INSTRUCTIONS TO FOLLOW: Keep to one stretch of the data below, the lines from the one with "職人さんたちが1点ずつ編み上" up to and including the one with "Kit tressé inox", and return that stretch exactly.

INFORMATION SUPPLIED:
▼

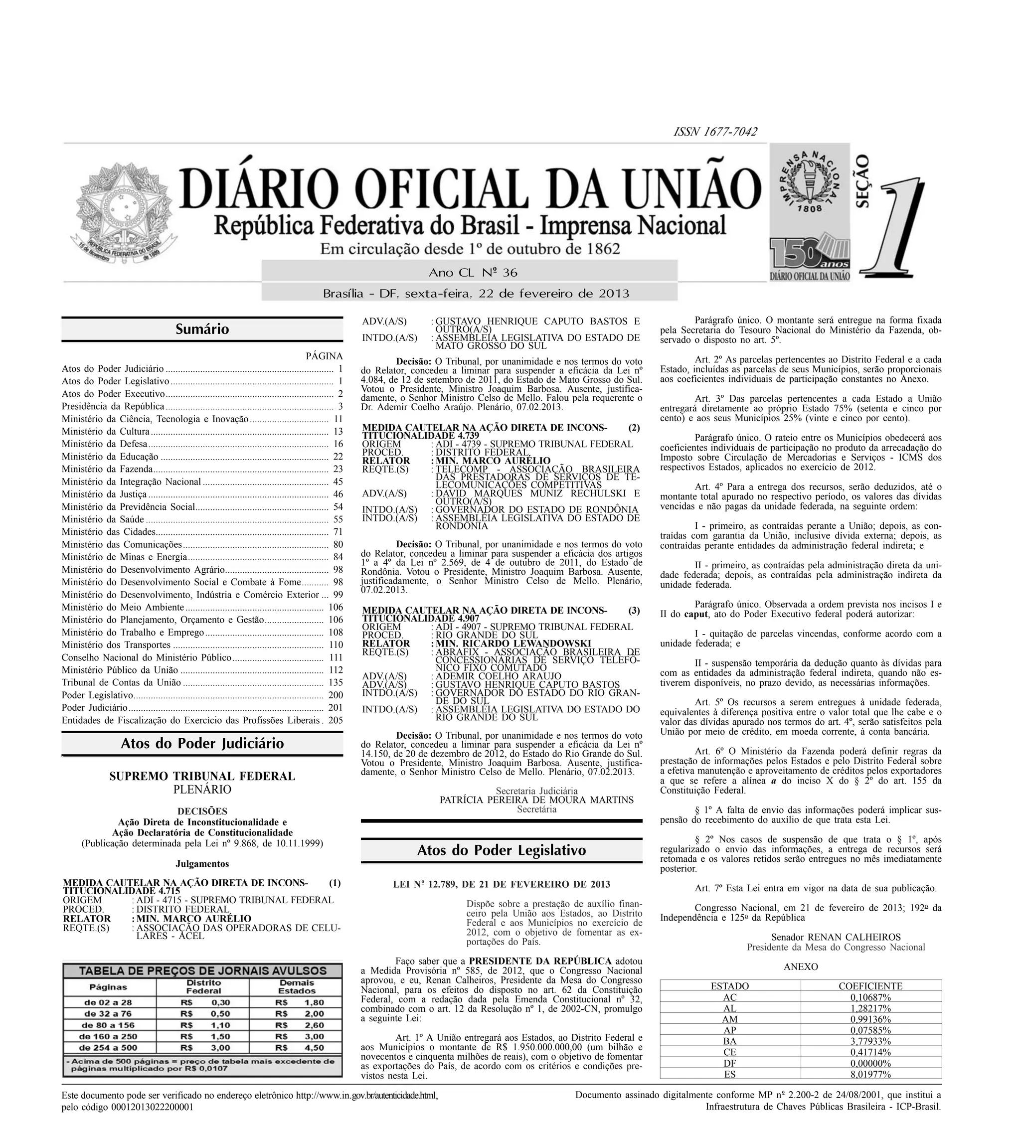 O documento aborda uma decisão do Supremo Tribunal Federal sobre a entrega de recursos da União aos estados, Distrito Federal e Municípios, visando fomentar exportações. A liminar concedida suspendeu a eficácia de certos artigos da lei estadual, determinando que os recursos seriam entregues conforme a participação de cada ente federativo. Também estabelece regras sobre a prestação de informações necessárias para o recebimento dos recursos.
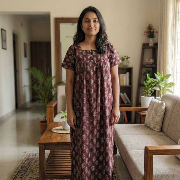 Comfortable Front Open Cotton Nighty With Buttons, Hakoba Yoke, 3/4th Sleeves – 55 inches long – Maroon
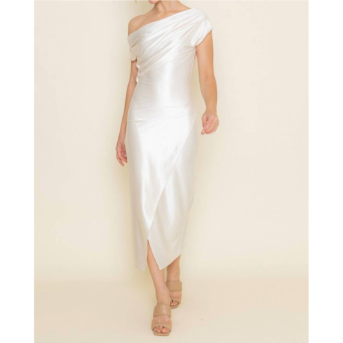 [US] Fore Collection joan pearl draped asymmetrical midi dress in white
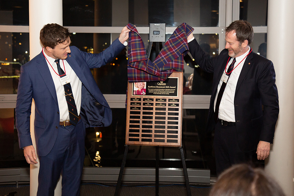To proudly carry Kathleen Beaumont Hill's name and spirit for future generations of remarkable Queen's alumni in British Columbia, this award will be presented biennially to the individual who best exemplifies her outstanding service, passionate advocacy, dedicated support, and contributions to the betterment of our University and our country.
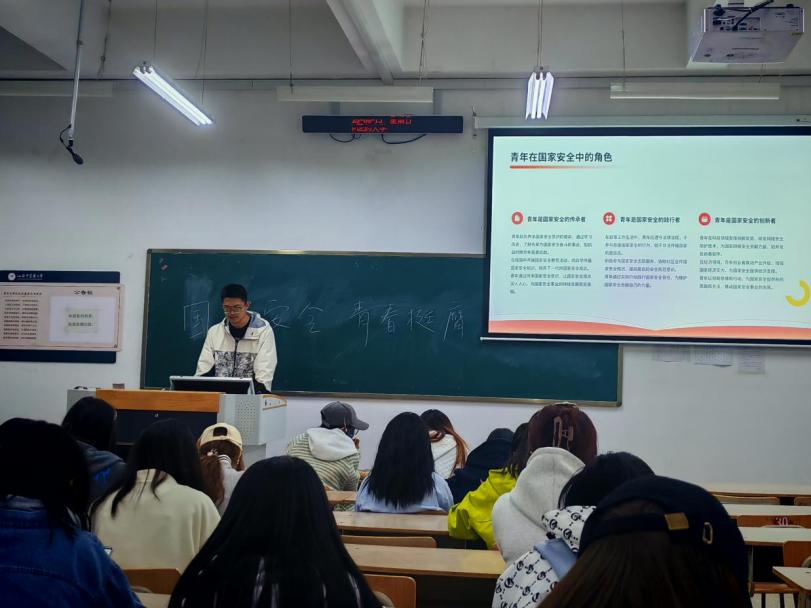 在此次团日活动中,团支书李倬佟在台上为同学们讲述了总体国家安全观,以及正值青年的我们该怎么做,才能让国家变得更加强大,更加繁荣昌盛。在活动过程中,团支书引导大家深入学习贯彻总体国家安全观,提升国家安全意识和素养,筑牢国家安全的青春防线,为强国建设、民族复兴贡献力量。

▲
▼

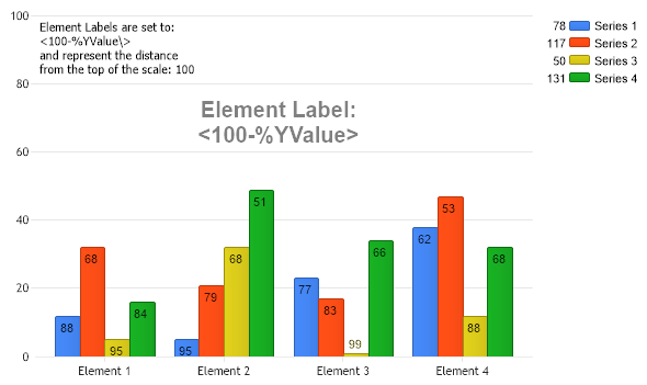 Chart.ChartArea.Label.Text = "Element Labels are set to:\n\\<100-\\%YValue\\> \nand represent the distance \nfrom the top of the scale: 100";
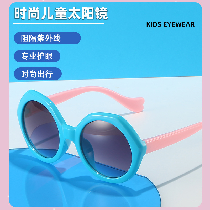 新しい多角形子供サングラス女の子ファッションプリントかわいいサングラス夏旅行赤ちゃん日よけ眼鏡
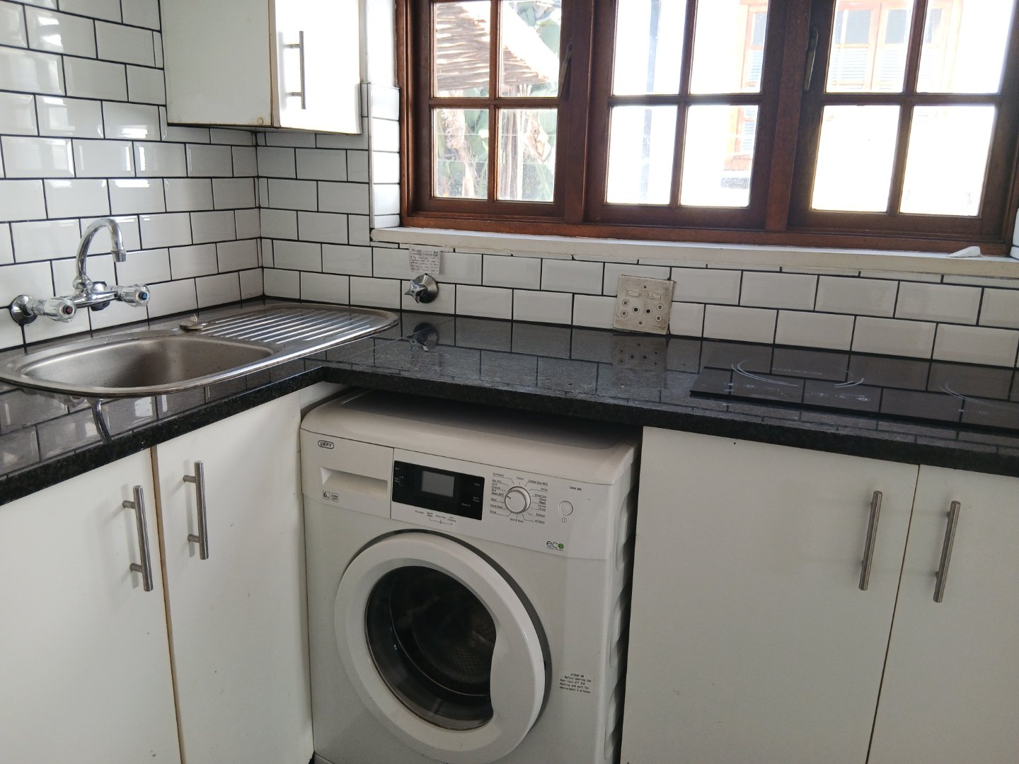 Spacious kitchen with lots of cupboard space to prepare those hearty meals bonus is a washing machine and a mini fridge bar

▲
▼

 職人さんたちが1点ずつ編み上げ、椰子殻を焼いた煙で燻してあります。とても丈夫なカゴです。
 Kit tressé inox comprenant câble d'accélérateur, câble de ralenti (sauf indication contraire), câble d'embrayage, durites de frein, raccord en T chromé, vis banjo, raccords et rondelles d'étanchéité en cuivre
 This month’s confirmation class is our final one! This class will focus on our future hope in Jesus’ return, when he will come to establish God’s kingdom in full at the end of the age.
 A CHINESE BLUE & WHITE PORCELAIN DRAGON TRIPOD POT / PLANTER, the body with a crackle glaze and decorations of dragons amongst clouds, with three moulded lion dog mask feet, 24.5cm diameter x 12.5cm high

▲

RESULT FOR THIS EXERCISE:
 職人さんたちが1点ずつ編み上げ、椰子殻を焼いた煙で燻してあります。とても丈夫なカゴです。
 Kit tressé inox comprenant câble d'accélérateur, câble de ralenti (sauf indication contraire), câble d'embrayage, durites de frein, raccord en T chromé, vis banjo, raccords et rondelles d'étanchéité en cuivre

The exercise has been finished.